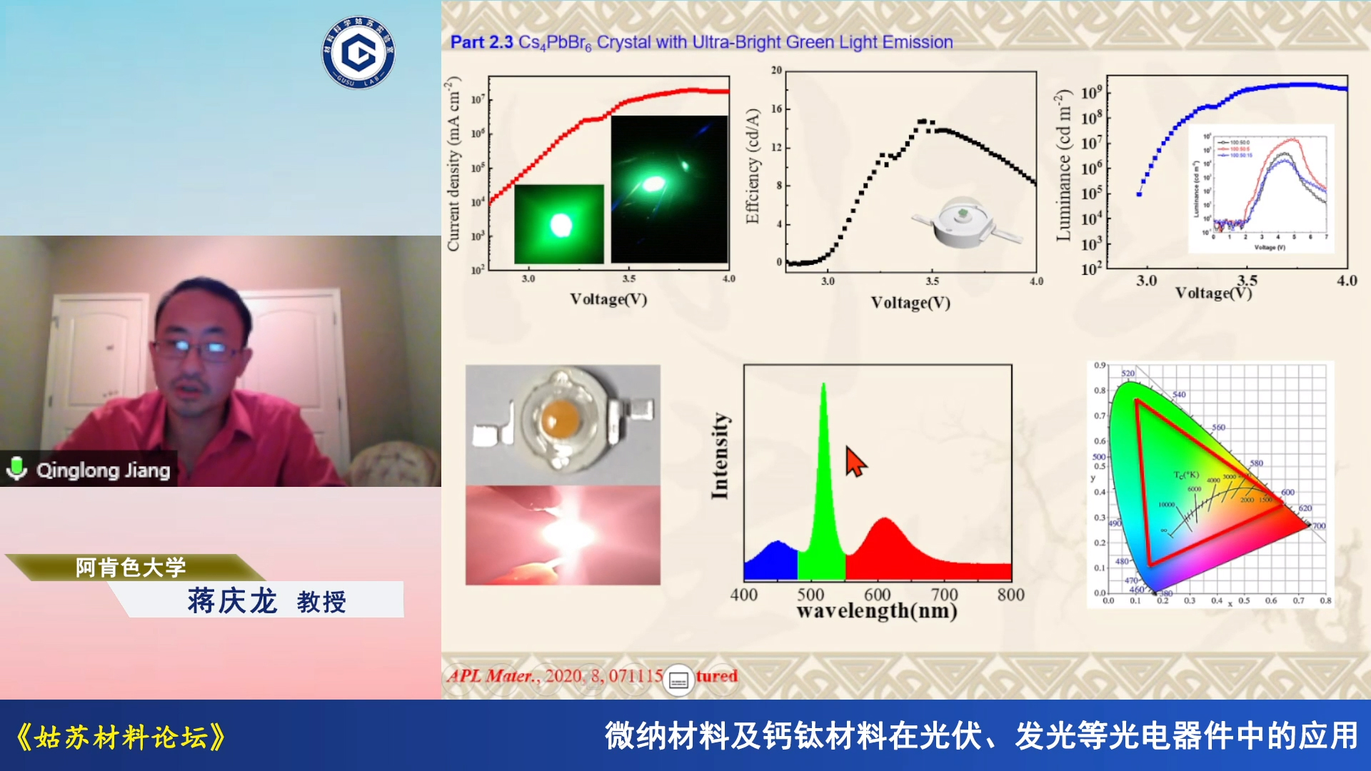 4月19日上午,美国阿肯色大学副教授蒋庆龙博士应邀做客第28期姑苏材料论坛,作《Hybrid halide perovskites materials and nano materials for solar cells, light emitting and other electric-optical devices(钙钛材料及微纳材料在光伏、发光等光电器件中的应用)》线上学术报告。
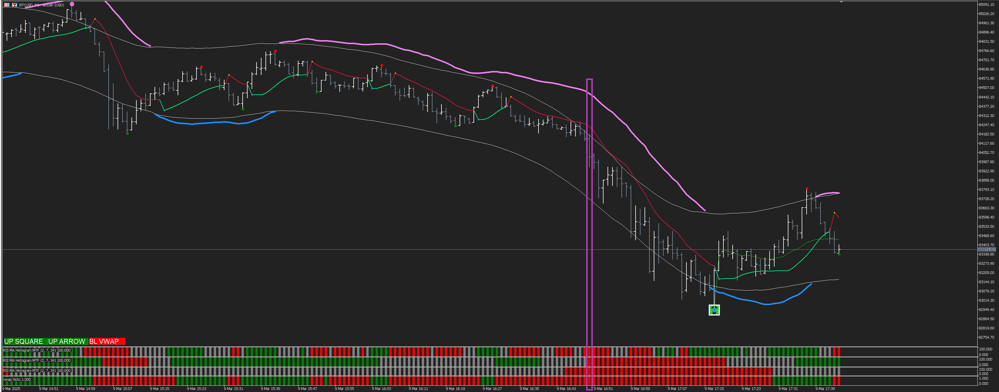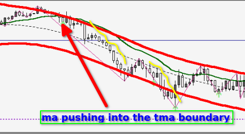 Below is a "trading suggestion" using the tma as a guide to direction along with the dots indicator from Kvak.
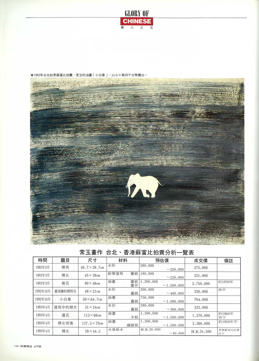 常玉在一九六六年過世後留下約百餘件作品,數量最多的二個藏家是常玉的好友,法國巴黎的艾伯蒂.達昂(Albert Dahan)和台北的國立歷史博物館(約藏四十幅油畫),流傳在其他藏家手中的作品應是不多的。在他死後那麼多年,作品浮上國際枱面,並且在十一個月之間,台北一地就有八幅作品在拍賣會上流通(香港、美國地區未計算在內),確實是不容易的事。
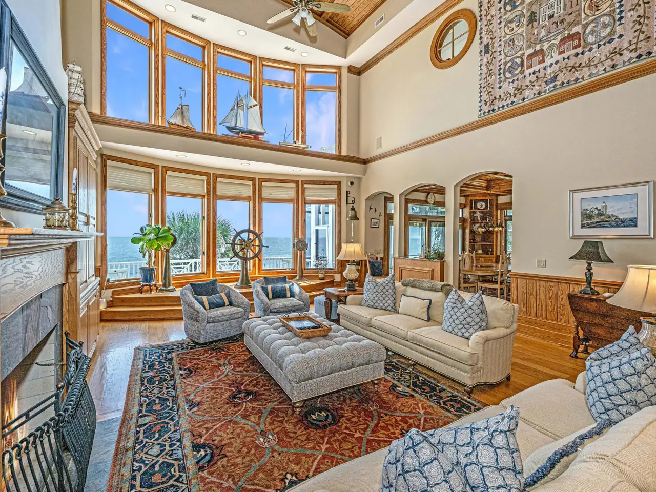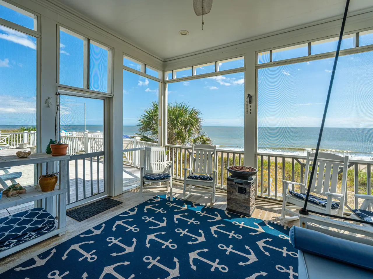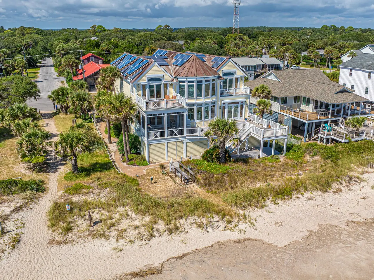 THIS FABULOUS CUSTOM-BUILT OCEANFRONT HOME HAS IT ALL - BEST LOCATION, HIGH-END QUALITY, SPACIOUS SIZE, AND FULLY FURNISHED!! 2-Story vaulted ceiling in great room, gourmet kitchen w/adjoining pantry, 1st level primary master suite facing the ocean & encompassing one entire side of the house, & much much more! Porches & decks embrace the Beach & Ocean. 4 guest Bedrooms share two baths & 4 decks upstairs. Amenities include a 3-stop elevator, floating staircase, gleaming hardwoods, passing pelicans, & custom features in Documents. Vacation Rental Income Projections range from $184,000 to $213,000 per year. EDISTO BEACH AT ITS BEST!!
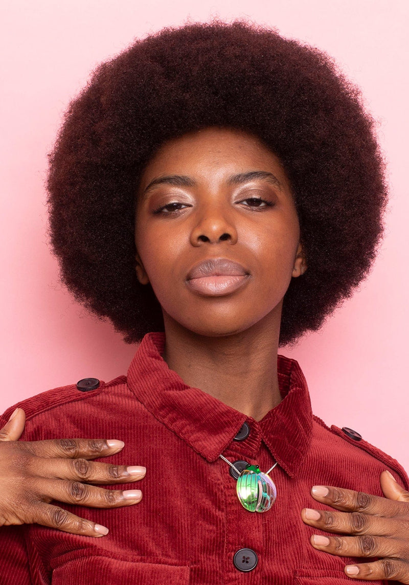 Gotta crawl, gotta crawl... No ugly bugs in sight: our Beetle Brooch's iridescent acrylic wings are hand curved and pinned to its emerald mirror body for glossy, entomological realness! Suspended from an adjustable, silver-tone chain, this beetle is best worn against racing stripes for plenty of room to scurry!
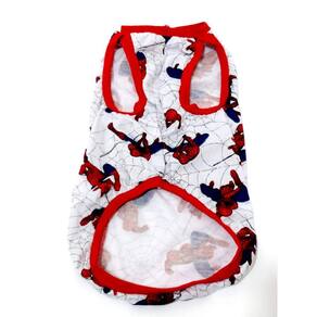 Pijama confeccionada em malha PV poliéster com viscose na cor branca; Estampa temática do Personagem Homem Aranha; Acabamento em cotton vermelho; Tamanho : P; Cor: Branca; Medidas aproximadas: 31 cm de comprimento, 38 cm de circunferência torax, 23 cm pescoço; Deixe seu Pet super estiloso com seu personagem favorito. Marca: Não Informado

**Required action:**
Give the listing again word for word. Skip any pictures.

**Problem solution:**
 4月19日上午,美国阿肯色大学副教授蒋庆龙博士应邀做客第28期姑苏材料论坛,作《Hybrid halide perovskites materials and nano materials for solar cells, light emitting and other electric-optical devices(钙钛材料及微纳材料在光伏、发光等光电器件中的应用)》线上学术报告。
 Below is a "trading suggestion" using the tma as a guide to direction along with the dots indicator from Kvak.
 常玉在一九六六年過世後留下約百餘件作品,數量最多的二個藏家是常玉的好友,法國巴黎的艾伯蒂.達昂(Albert Dahan)和台北的國立歷史博物館(約藏四十幅油畫),流傳在其他藏家手中的作品應是不多的。在他死後那麼多年,作品浮上國際枱面,並且在十一個月之間,台北一地就有八幅作品在拍賣會上流通(香港、美國地區未計算在內),確實是不容易的事。
 THIS FABULOUS CUSTOM-BUILT OCEANFRONT HOME HAS IT ALL - BEST LOCATION, HIGH-END QUALITY, SPACIOUS SIZE, AND FULLY FURNISHED!! 2-Story vaulted ceiling in great room, gourmet kitchen w/adjoining pantry, 1st level primary master suite facing the ocean & encompassing one entire side of the house, & much much more! Porches & decks embrace the Beach & Ocean. 4 guest Bedrooms share two baths & 4 decks upstairs. Amenities include a 3-stop elevator, floating staircase, gleaming hardwoods, passing pelicans, & custom features in Documents. Vacation Rental Income Projections range from $184,000 to $213,000 per year. EDISTO BEACH AT ITS BEST!!
 Gotta crawl, gotta crawl... No ugly bugs in sight: our Beetle Brooch's iridescent acrylic wings are hand curved and pinned to its emerald mirror body for glossy, entomological realness! Suspended from an adjustable, silver-tone chain, this beetle is best worn against racing stripes for plenty of room to scurry!
 Pijama confeccionada em malha PV poliéster com viscose na cor branca; Estampa temática do Personagem Homem Aranha; Acabamento em cotton vermelho; Tamanho : P; Cor: Branca; Medidas aproximadas: 31 cm de comprimento, 38 cm de circunferência torax, 23 cm pescoço; Deixe seu Pet super estiloso com seu personagem favorito. Marca: Não Informado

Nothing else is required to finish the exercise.